Affair Questions & Answers > The Spouse > I suspect my spouse is cheating, but they deny it. What should I do?
If your spouse is cheating, he/she is not likely to admit it. The more you accuse, the more they will deny.
I believe you have a right to know what is going on. I would encourage you to make a note of all the evidence that leads you to conclude he/she is involved in an affair. (See the "Signs of an Affair" list below.) It's unlikely that a single indicator will be absolute proof that something is going on, but any pattern of changed behavior, along with your gut suspicions, are important to consider. You should take time to gather as much information as you can before talking to your spouse about it.
Ideally, you should remain in control of yourself when you question your spouse.
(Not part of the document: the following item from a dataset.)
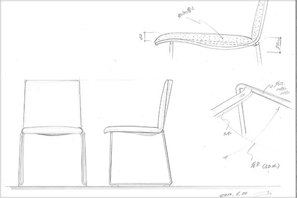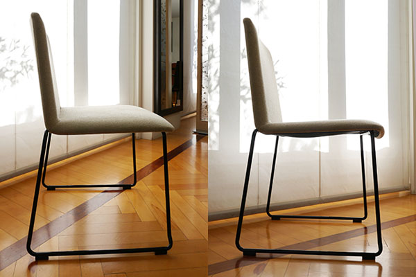 MD-202のデザインは、A-modeのブランドイメージのアメリカ西海岸のモダン住宅をイメージした、シンプルでスクエアなデザインです。フラットな座と背がシンプルなストレートなスチールパイプのフレームに乗ったとてもシンプルなデザインで、一見硬そうな印象を受けます。しかし、腰掛けると、固めのウレタンと驚くほどの深みのある描け心地に驚かれると思います。合板の上に薄いクッションが乗っただけの椅子に見えますが、実はお尻を乗せる座の部分が丸くお椀のようにへこんでいて、そのへこみを隠すような厚みのクッションが座の中心部に使われているからです。座の周りは25ミリのウレタンフォームを使用していますが、座には40ミリのウレタンフォームが使われています。その座を受ける脚部は存在感を無くすようにとても細いパイプが使われます。しかし、スチールパイプは車やバイクにも使われるハイテンション鋼を使い強度にもこだわりました。

If you are likely to lose your temper, you may want to consider writing letter and asking your spouse to read it alone or with you nearby. If there is any chance that they might come clean (a possibility if the affair has run its course of if they are struggling with a weight of guilt), you are more likely to achieve a desired result with controlled confrontation rather than with angry accusations. Anger puts people into a "fight or flight" mode that prohibits healthy dialogue. Don't assume; don't blame; just ask. But don't give them all the evidence you have. Be sure to hold out some important information because this will be a good indicator of how honest they are willing to be. If they try to create a story to explain away your evidence, it's likely that your withheld information will make their continued deception obvious.
In most cases, the spouse will deny an affair and will likely try to make you feel ridiculous for even suspecting such a thing. Listen; don't argue. Make sure you have clearly communicated your questions and concerns and let them respond. Do the answers make sense? Is there a chance you got things wrong?
If you still have any doubt, you have the right to know the truth. You may want to wait and try again to present your spouse with troubling observations, but at some point, you may need to take more deliberate steps to find out the truth. See the entry Trying to Catch Your Spouse in an Affair for more information.
The Signs of an Affair: a change in their sexual behavior with you (less sex, or suddenly trying new things); an unexplained sexually transmitted disease; being overly-defensive about the person you suspect; unaccounted for time away from you; unusual changes in personal or work schedules; increased emotional distance from you and other family members; the sense that their thoughts are often "somewhere else"; unexplained expenses; sudden interest in new activities or hobbies; heightened attention to appearance (buying new clothes, getting in shape); secrecy with phone calls, emails, or text messages; the smell of someone else's perfume or cologne; being freshly showered at odd times of the day/night; being vague about where they were or who they were with... speaking in generalities and avoiding specifics.